══ Supplied records

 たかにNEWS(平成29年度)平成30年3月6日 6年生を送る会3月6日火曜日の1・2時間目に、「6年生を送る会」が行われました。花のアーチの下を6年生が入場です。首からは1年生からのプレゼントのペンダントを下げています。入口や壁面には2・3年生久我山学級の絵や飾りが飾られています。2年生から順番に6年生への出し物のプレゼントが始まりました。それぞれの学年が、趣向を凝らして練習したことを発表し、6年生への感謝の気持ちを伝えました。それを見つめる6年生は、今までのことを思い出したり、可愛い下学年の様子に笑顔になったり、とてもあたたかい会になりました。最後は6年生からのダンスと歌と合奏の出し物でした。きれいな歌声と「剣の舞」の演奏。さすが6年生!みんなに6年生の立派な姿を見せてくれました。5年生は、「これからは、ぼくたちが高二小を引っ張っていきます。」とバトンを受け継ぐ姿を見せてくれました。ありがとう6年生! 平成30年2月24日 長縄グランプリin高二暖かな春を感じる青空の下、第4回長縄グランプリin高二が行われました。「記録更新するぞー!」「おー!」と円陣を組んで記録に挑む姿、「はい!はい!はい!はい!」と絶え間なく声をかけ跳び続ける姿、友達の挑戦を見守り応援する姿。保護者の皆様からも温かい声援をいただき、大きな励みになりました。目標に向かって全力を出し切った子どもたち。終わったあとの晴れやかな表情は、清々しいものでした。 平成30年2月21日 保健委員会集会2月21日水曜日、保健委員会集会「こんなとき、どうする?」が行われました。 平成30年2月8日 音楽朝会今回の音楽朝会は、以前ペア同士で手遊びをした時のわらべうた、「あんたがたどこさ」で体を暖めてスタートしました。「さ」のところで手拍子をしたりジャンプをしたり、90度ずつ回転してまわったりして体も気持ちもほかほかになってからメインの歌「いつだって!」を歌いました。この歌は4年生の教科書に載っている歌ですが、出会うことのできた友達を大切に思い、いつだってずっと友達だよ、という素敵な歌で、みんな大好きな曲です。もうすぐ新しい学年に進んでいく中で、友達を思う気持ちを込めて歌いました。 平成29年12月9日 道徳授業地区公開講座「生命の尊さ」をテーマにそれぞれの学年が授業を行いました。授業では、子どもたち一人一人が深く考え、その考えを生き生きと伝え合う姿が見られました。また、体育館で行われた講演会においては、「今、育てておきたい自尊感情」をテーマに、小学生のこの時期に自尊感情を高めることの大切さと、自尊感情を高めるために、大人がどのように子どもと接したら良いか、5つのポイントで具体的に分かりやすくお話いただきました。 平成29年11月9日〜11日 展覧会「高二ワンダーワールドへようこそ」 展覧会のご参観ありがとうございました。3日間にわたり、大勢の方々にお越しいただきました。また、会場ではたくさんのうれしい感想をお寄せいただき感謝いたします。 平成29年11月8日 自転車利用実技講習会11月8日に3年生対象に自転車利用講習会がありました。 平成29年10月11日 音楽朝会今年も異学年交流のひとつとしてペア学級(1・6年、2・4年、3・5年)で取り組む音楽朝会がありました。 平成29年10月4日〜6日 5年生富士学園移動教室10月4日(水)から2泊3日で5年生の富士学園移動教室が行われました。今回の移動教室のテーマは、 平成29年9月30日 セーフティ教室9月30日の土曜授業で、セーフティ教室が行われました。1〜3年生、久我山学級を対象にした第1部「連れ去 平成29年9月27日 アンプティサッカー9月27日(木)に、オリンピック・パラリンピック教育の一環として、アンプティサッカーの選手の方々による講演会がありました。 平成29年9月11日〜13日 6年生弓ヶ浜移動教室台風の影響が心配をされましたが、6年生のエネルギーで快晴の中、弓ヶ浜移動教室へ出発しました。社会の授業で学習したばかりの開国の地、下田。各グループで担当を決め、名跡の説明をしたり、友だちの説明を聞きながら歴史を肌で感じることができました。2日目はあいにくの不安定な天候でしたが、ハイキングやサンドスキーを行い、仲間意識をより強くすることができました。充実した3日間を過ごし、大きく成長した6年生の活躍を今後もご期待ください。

════
══ Supplied records

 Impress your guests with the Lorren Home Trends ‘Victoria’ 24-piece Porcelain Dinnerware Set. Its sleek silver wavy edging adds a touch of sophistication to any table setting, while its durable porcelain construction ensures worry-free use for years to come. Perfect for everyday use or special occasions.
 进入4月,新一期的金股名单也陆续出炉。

════
══ Supplied records

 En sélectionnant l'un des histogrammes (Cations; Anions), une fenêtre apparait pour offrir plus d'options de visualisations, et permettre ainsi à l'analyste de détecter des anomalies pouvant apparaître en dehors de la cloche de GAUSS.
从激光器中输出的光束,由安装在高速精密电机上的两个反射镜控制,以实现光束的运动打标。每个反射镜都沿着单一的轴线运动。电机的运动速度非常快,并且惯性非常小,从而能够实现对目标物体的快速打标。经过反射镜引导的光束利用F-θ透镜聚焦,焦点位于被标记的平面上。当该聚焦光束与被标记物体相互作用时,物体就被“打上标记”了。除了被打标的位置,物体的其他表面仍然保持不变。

════

Beginning with the line that has "En sélectionnant l'un" and ending with the line that has "从激光器中输出的光束,由安装", set down the lines above exactly and include no others.

Result below:
 En sélectionnant l'un des histogrammes (Cations; Anions), une fenêtre apparait pour offrir plus d'options de visualisations, et permettre ainsi à l'analyste de détecter des anomalies pouvant apparaître en dehors de la cloche de GAUSS.
从激光器中输出的光束,由安装在高速精密电机上的两个反射镜控制,以实现光束的运动打标。每个反射镜都沿着单一的轴线运动。电机的运动速度非常快,并且惯性非常小,从而能够实现对目标物体的快速打标。经过反射镜引导的光束利用F-θ透镜聚焦,焦点位于被标记的平面上。当该聚焦光束与被标记物体相互作用时,物体就被“打上标记”了。除了被打标的位置,物体的其他表面仍然保持不变。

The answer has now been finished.